Displaying large raster files can often be very slow, because in principle every single pixel has to be read and rendered. To speed up this process you can use gdaladdo (“GDAL add overview” ) to create overviews for lower zoom levels (also called pyramids). These can then be used directly by the displaying programs and the visualization is much faster. The original file becomes bigger because the additional overviews are saved in the file.

gdaladdo \
  -r average \
  input.tif

for older GDAL versions:

gdaladdo \
  -r average \
  input.tif \
  2 4 8 16

Reproject Raster

With gdalwarp you can project grids in different ways. In the documentation very detailed examples are described. So far I have only used this command:

gdalwarp \
  -t_srs EPSG:4326 \
  input.tif \
  output.tif

MrSID Files

Often you get raster files in MrSID format. On Linux it seems to be possible to read them. But it is easier if you access MrSID with Windows. Then you can convert the file for example into a GeoTIFF and continue working on Linux.

Tiles

The program gdal2tiles.py converts a raster file into a folder full of tiles according to the TMS (Tile Map Service) standard. This is very similar to the XYZ standard. For TMS the tile number (0,0) is bottom left, for XYZ it is top left.

gdal2tiles.py \
  --zoom=2-5 \
  input.tif \
  output_folder

The folder structure then looks like this. For the sake of clarity, only zoom level 2 (and not 3, 4 and 5) is included:

output_folder
├── 2
│   ├── 0
│   │   ├── 0.png
│   │   ├── 1.png
│   │   ├── 2.png
│   │   └── 3.png
│   ├── 1
│   │   ├── 0.png
│   │   ├── 1.png
│   │   ├── 2.png
│   │   └── 3.png
│   ├── 2
│   │   ├── 0.png
│   │   ├── 1.png
│   │   ├── 2.png
│   │   └── 3.png
│   └── 3
│       ├── 0.png
│       ├── 1.png
│       ├── 2.png
│       └── 3.png
├── googlemaps.html
├── leaflet.html
├── openlayers.html
└── tilemapresource.xml

5 directories, 20 files

The target folder contains not only tiles but also HTML-based clients with Leaflet and OpenLayers.
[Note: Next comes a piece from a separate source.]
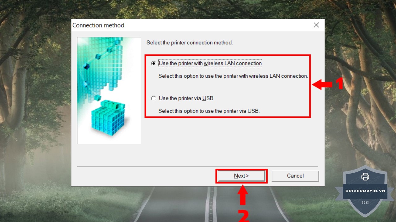 Bước 5: Chọn phương thức kết nối máy in

The tiles can then be placed in a web server (e.g. Apache HTTP Server) and called with any client. A typical URL will look like this: http://localhost/my_tiled_raster/{z}/{x}/{y}.png. For some clients like QGIS or OpenLayers the Y-digit has to be inverted, so: http://localhost/my_tiled_raster/{z}/{x}/{-y}.png (more info can be found in this QGIS issue).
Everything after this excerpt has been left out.